- **WHAT THE TASK ASKS**
Please repeat the records exactly. The pictures are to be left out.

Collection entries
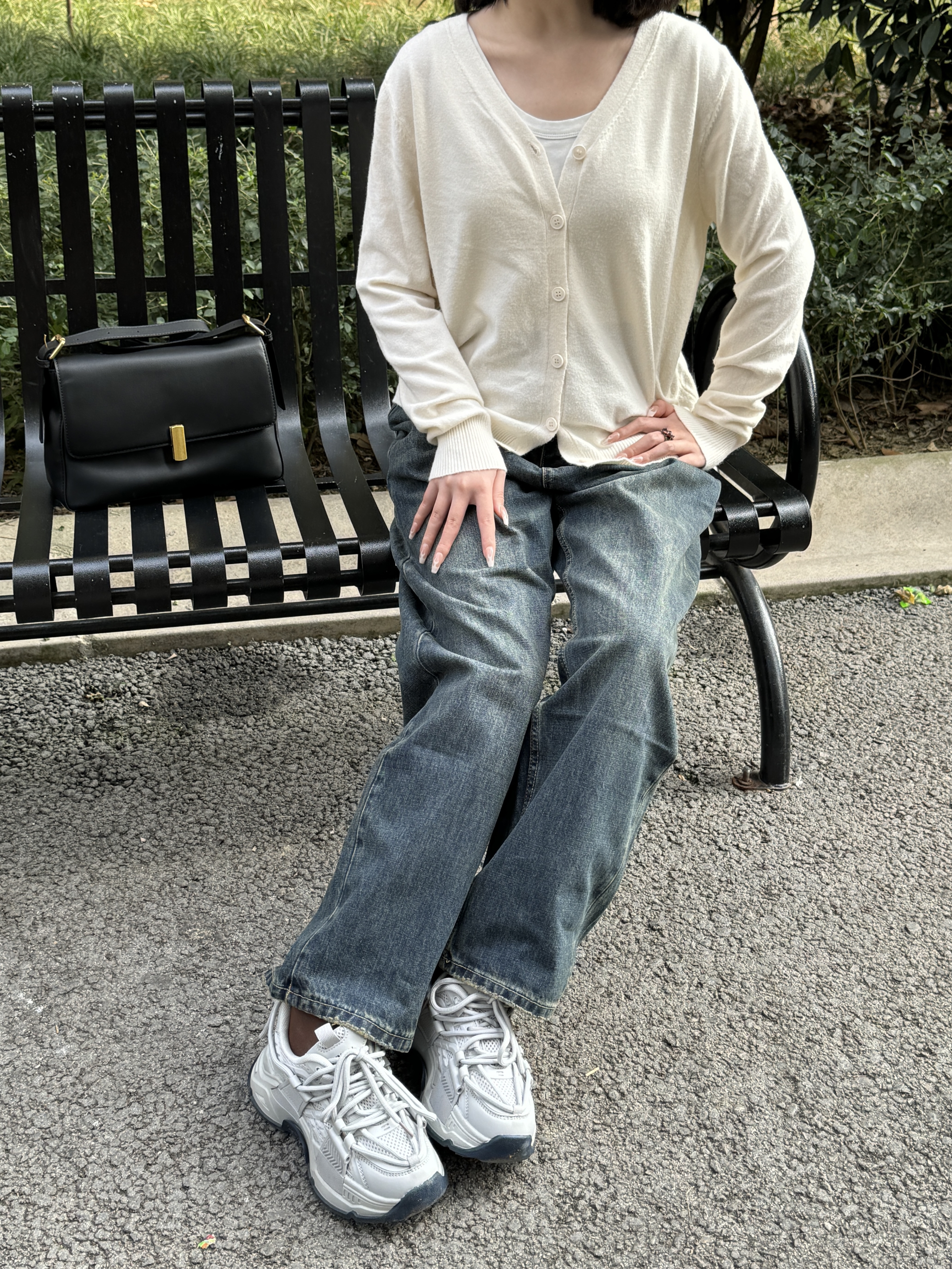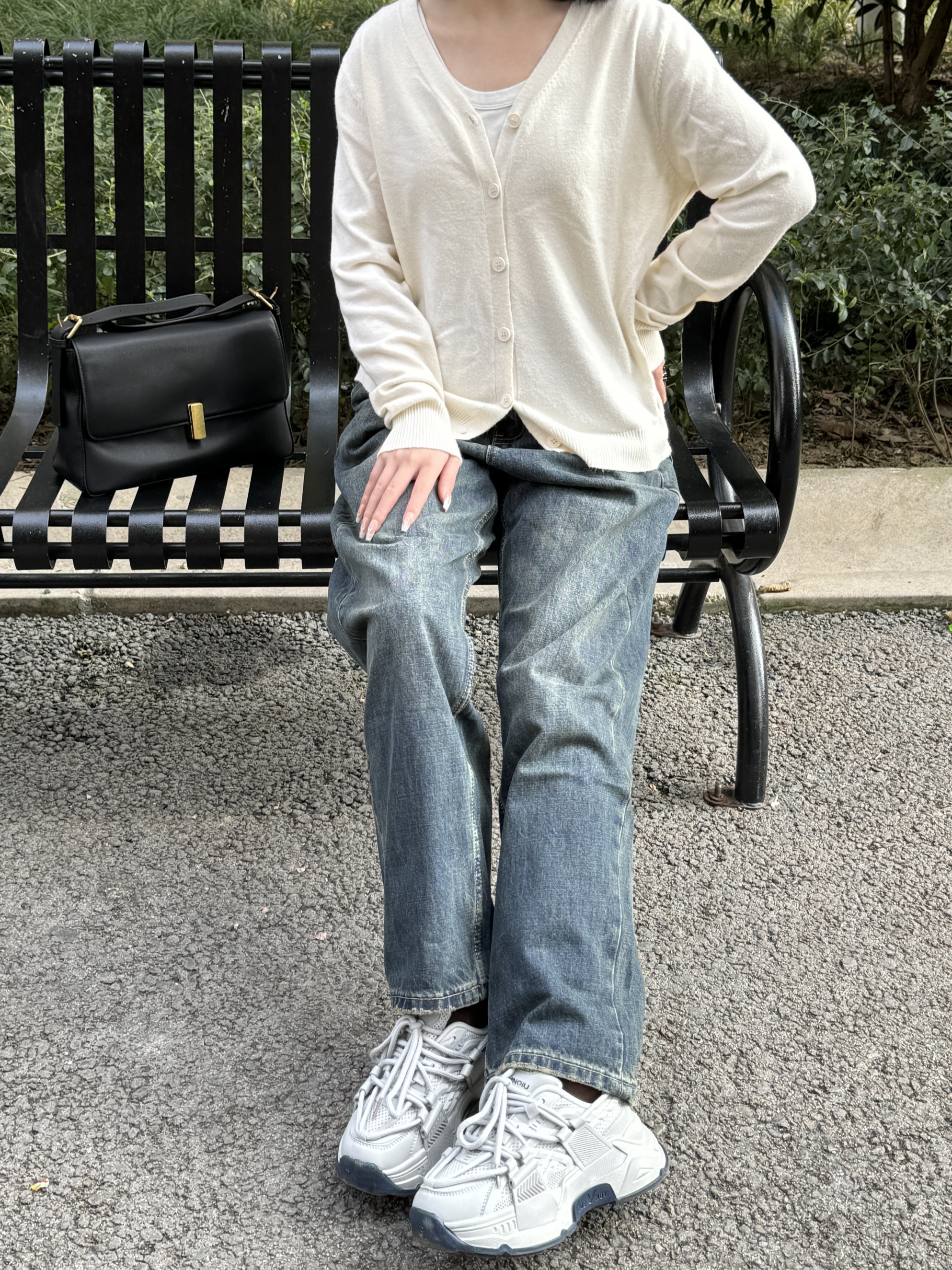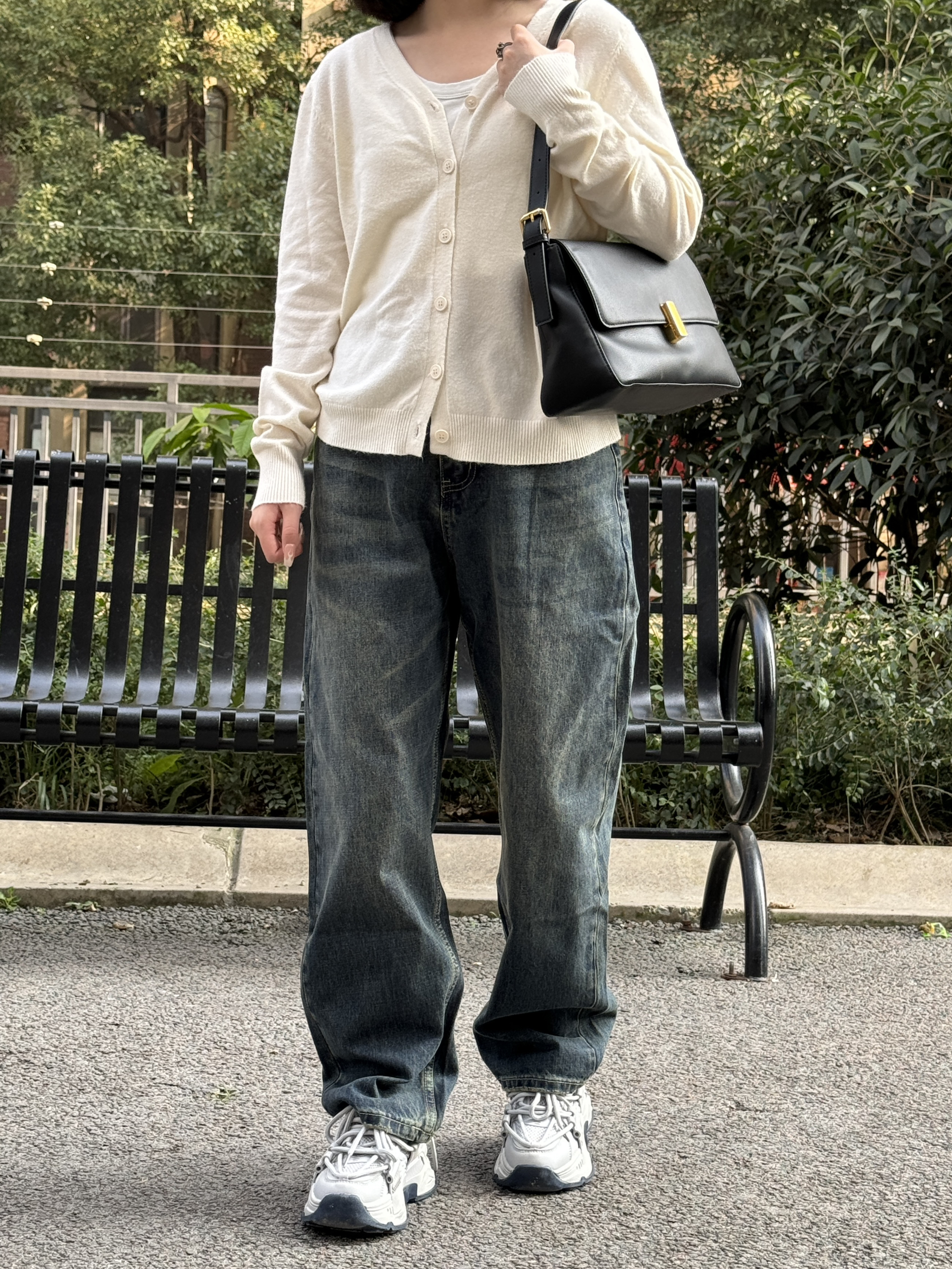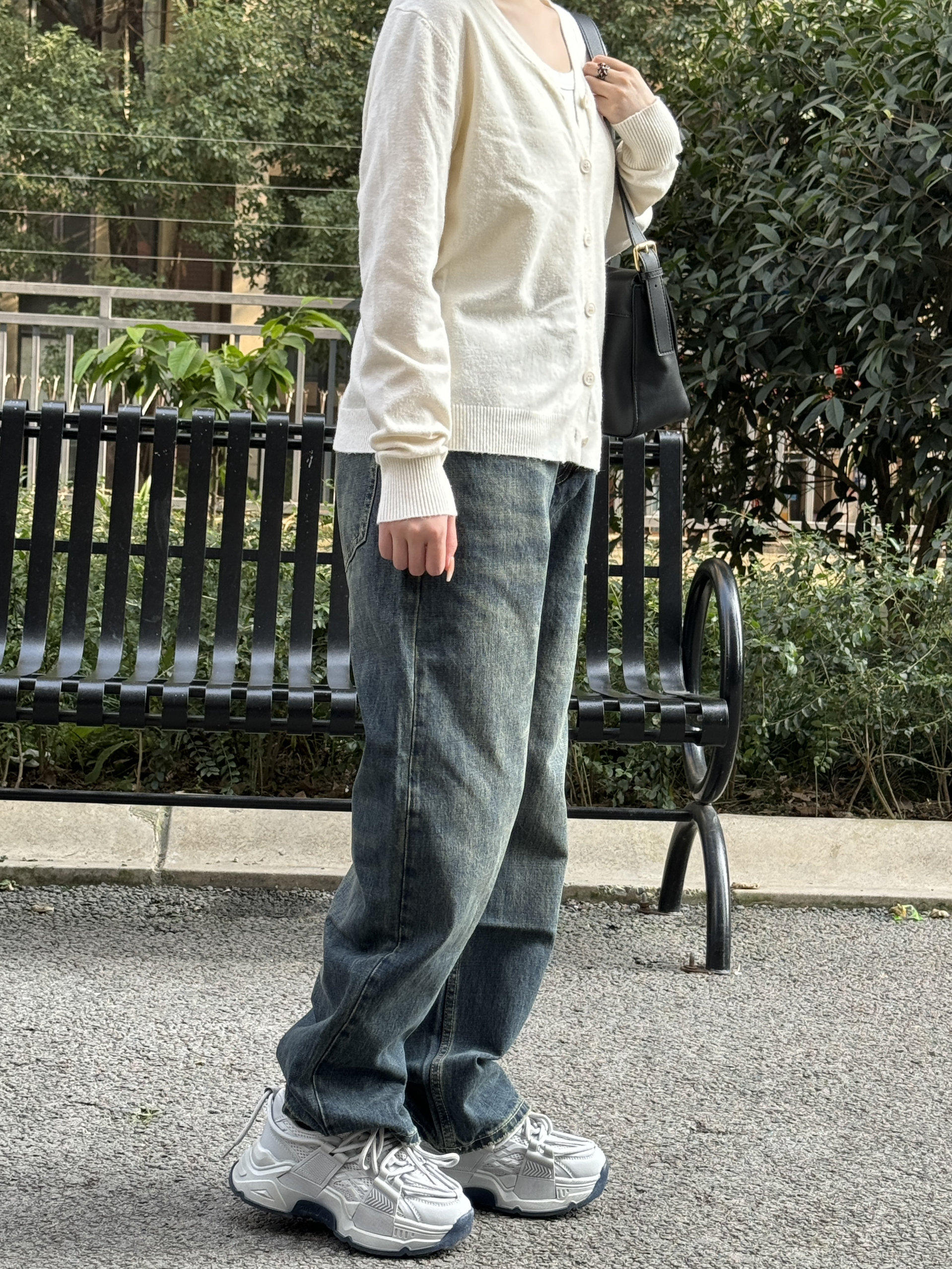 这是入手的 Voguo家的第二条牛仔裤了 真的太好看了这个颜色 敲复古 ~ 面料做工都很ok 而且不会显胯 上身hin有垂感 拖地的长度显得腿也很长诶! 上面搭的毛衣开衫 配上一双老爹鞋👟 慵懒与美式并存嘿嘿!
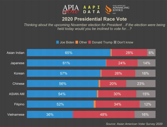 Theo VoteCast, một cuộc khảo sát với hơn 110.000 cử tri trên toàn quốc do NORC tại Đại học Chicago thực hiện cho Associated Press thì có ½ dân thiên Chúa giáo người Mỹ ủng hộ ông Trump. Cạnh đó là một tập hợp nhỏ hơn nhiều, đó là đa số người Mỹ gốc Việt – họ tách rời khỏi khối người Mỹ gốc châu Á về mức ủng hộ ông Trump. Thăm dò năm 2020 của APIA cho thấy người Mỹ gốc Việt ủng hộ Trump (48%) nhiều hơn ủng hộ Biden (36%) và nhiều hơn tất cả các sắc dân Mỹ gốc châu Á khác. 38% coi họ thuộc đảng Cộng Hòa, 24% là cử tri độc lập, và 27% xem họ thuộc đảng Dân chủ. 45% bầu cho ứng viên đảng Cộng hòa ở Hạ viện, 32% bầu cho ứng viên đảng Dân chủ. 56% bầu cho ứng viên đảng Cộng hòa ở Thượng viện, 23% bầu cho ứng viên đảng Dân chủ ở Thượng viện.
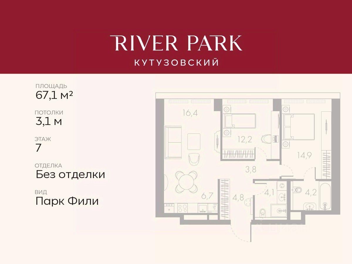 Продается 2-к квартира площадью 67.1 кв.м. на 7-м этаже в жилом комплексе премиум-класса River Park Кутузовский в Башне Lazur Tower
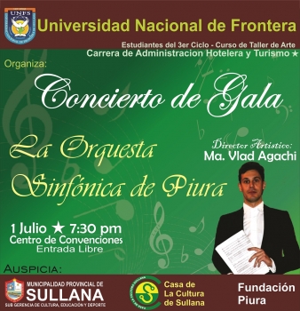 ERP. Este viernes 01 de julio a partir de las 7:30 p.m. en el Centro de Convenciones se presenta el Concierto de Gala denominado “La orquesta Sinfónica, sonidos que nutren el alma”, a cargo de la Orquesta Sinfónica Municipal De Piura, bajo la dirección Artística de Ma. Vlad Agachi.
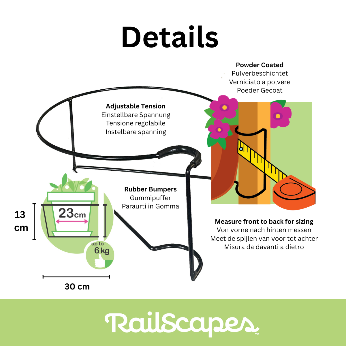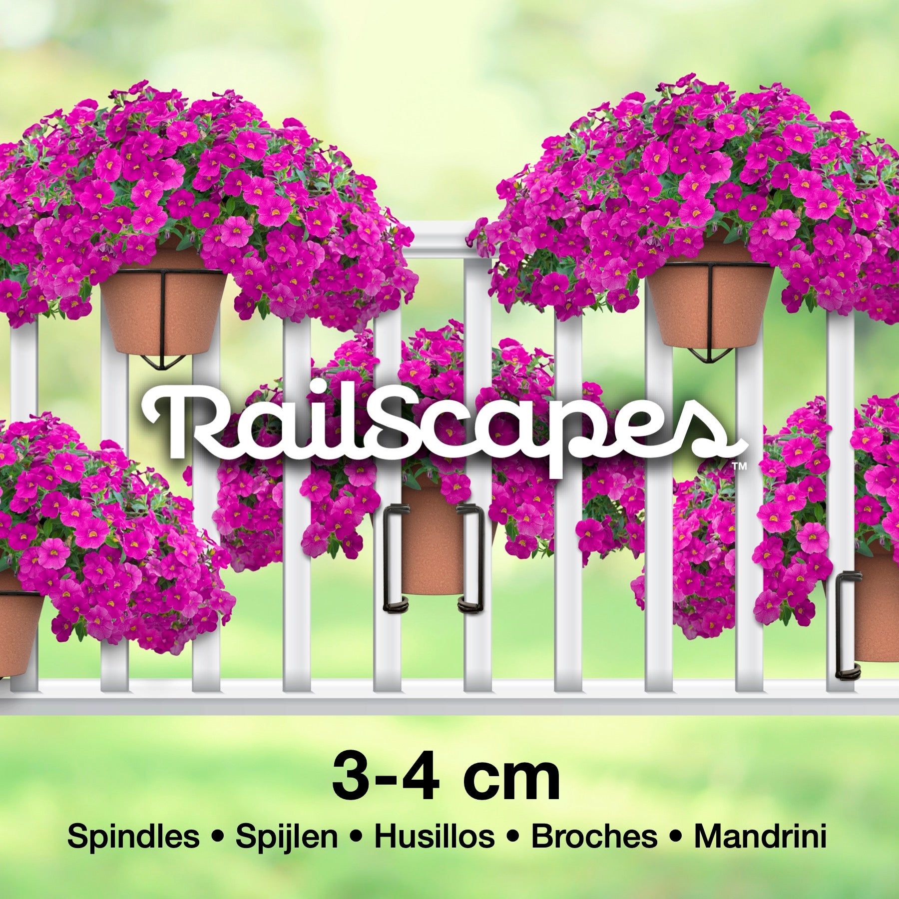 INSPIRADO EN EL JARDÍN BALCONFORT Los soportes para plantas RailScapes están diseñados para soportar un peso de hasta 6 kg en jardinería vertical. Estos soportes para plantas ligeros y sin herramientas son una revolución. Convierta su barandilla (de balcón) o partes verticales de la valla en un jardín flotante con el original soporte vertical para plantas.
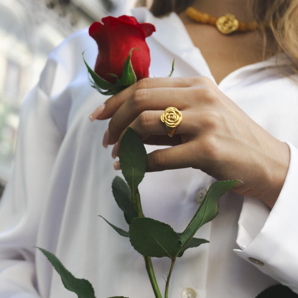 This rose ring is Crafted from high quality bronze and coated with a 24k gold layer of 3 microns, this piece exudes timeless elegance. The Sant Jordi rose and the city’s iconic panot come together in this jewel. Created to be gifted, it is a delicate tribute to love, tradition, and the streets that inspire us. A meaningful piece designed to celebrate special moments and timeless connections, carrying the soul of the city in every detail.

- **RESULT OF THE EXERCISE**
 这是入手的 Voguo家的第二条牛仔裤了 真的太好看了这个颜色 敲复古 ~ 面料做工都很ok 而且不会显胯 上身hin有垂感 拖地的长度显得腿也很长诶! 上面搭的毛衣开衫 配上一双老爹鞋👟 慵懒与美式并存嘿嘿!
 Theo VoteCast, một cuộc khảo sát với hơn 110.000 cử tri trên toàn quốc do NORC tại Đại học Chicago thực hiện cho Associated Press thì có ½ dân thiên Chúa giáo người Mỹ ủng hộ ông Trump. Cạnh đó là một tập hợp nhỏ hơn nhiều, đó là đa số người Mỹ gốc Việt – họ tách rời khỏi khối người Mỹ gốc châu Á về mức ủng hộ ông Trump. Thăm dò năm 2020 của APIA cho thấy người Mỹ gốc Việt ủng hộ Trump (48%) nhiều hơn ủng hộ Biden (36%) và nhiều hơn tất cả các sắc dân Mỹ gốc châu Á khác. 38% coi họ thuộc đảng Cộng Hòa, 24% là cử tri độc lập, và 27% xem họ thuộc đảng Dân chủ. 45% bầu cho ứng viên đảng Cộng hòa ở Hạ viện, 32% bầu cho ứng viên đảng Dân chủ. 56% bầu cho ứng viên đảng Cộng hòa ở Thượng viện, 23% bầu cho ứng viên đảng Dân chủ ở Thượng viện.
 Продается 2-к квартира площадью 67.1 кв.м. на 7-м этаже в жилом комплексе премиум-класса River Park Кутузовский в Башне Lazur Tower
 ERP. Este viernes 01 de julio a partir de las 7:30 p.m. en el Centro de Convenciones se presenta el Concierto de Gala denominado “La orquesta Sinfónica, sonidos que nutren el alma”, a cargo de la Orquesta Sinfónica Municipal De Piura, bajo la dirección Artística de Ma. Vlad Agachi.
 INSPIRADO EN EL JARDÍN BALCONFORT Los soportes para plantas RailScapes están diseñados para soportar un peso de hasta 6 kg en jardinería vertical. Estos soportes para plantas ligeros y sin herramientas son una revolución. Convierta su barandilla (de balcón) o partes verticales de la valla en un jardín flotante con el original soporte vertical para plantas.
 This rose ring is Crafted from high quality bronze and coated with a 24k gold layer of 3 microns, this piece exudes timeless elegance. The Sant Jordi rose and the city’s iconic panot come together in this jewel. Created to be gifted, it is a delicate tribute to love, tradition, and the streets that inspire us. A meaningful piece designed to celebrate special moments and timeless connections, carrying the soul of the city in every detail.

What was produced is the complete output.